But then, as I exhaled, the knowledge bit with sharp teeth. In spite of all the Duke’s professed need for me to return to his household, reality struck hard, as it had once before, in that one question:
Who is of greater importance to the Duke? You, Katherine de Swynford, or the Castilian Queen?
There was only one answer in my mind. Unworthy it might be, thoroughly selfish, but there before me was the evidence of the Duke kneeling at Constanza’s feet, his lips saluting her cheeks, then her lips.
There was no doubting the reply.
Had the Duke’s skilful exoneration been to draw attention from me or had it been to put Constanza’s jealousies to rest? She was everything to his ambitions, to his hopes, to the lasting inheritance of his family. What could I give him in comparison? She could give him all, and I nothing. The Duke was not protecting me but Constanza because she was central to his life.

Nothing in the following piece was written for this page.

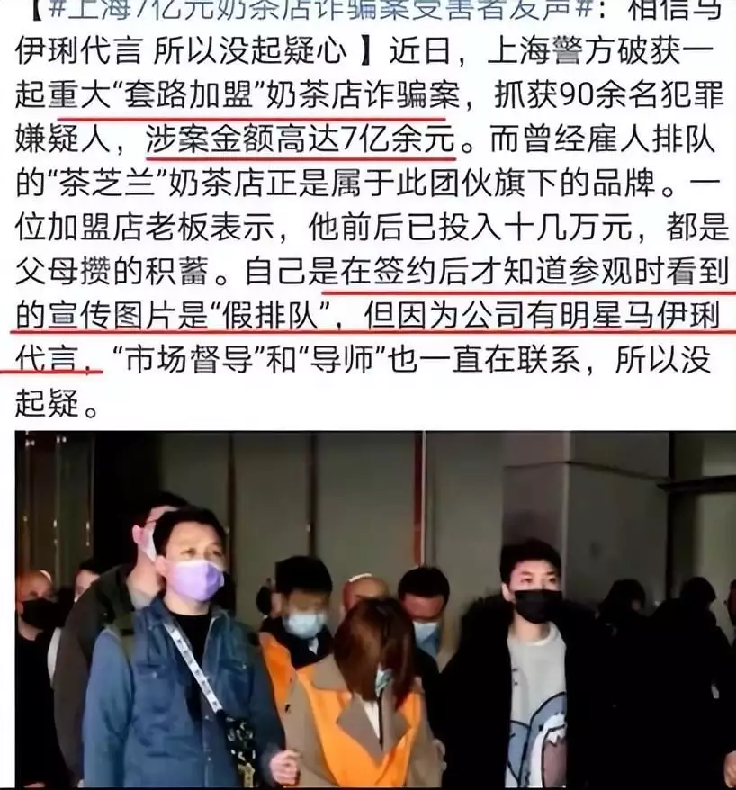 马伊琍代言的奶茶牌子“茶芝兰”被警方查获涉嫌恶意骗取加盟费。
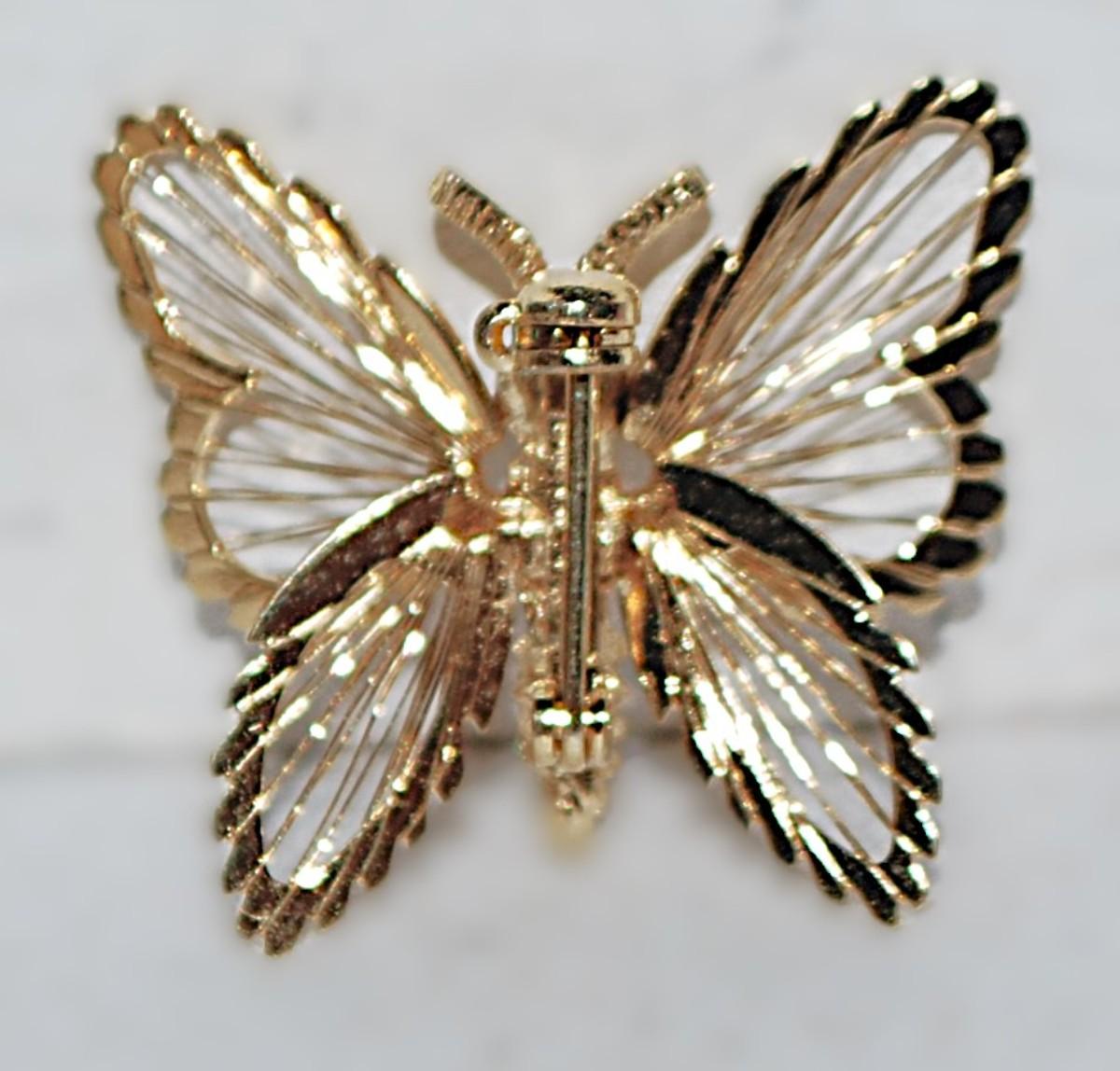 Small ALL GOLD Colored BUTTERFLY BROOCH (¾" x ¾") with Wire Art Leme' Wings on a Gold Tone Setting

My blood cold, all my hopes foundering under this blast of bleak truth, I turned my face away from both of them in that private little tableau. I had thought that my lover had leaped to my defence, but he had assuredly protected his wife, far more effectively than he had protected me.
The Duke had risen now, taking control of the situation simply by his stance, beckoning to the page who came to kneel at the Duchess’s feet as any smitten troubadour, launching into a rendering of a fashionable love-ballad that was lively but far less dangerous than Constanza’s spiteful intrigue. Keen to see her reaction, I looked across to find her eye on me, and in its gleam I detected what could only be a challenge. I held it for a moment, then calmly folded my stitching as if there were nothing amiss. The Duke had made it impossible for her to say more, nor would she wish to. The Duchess had emerged triumphant.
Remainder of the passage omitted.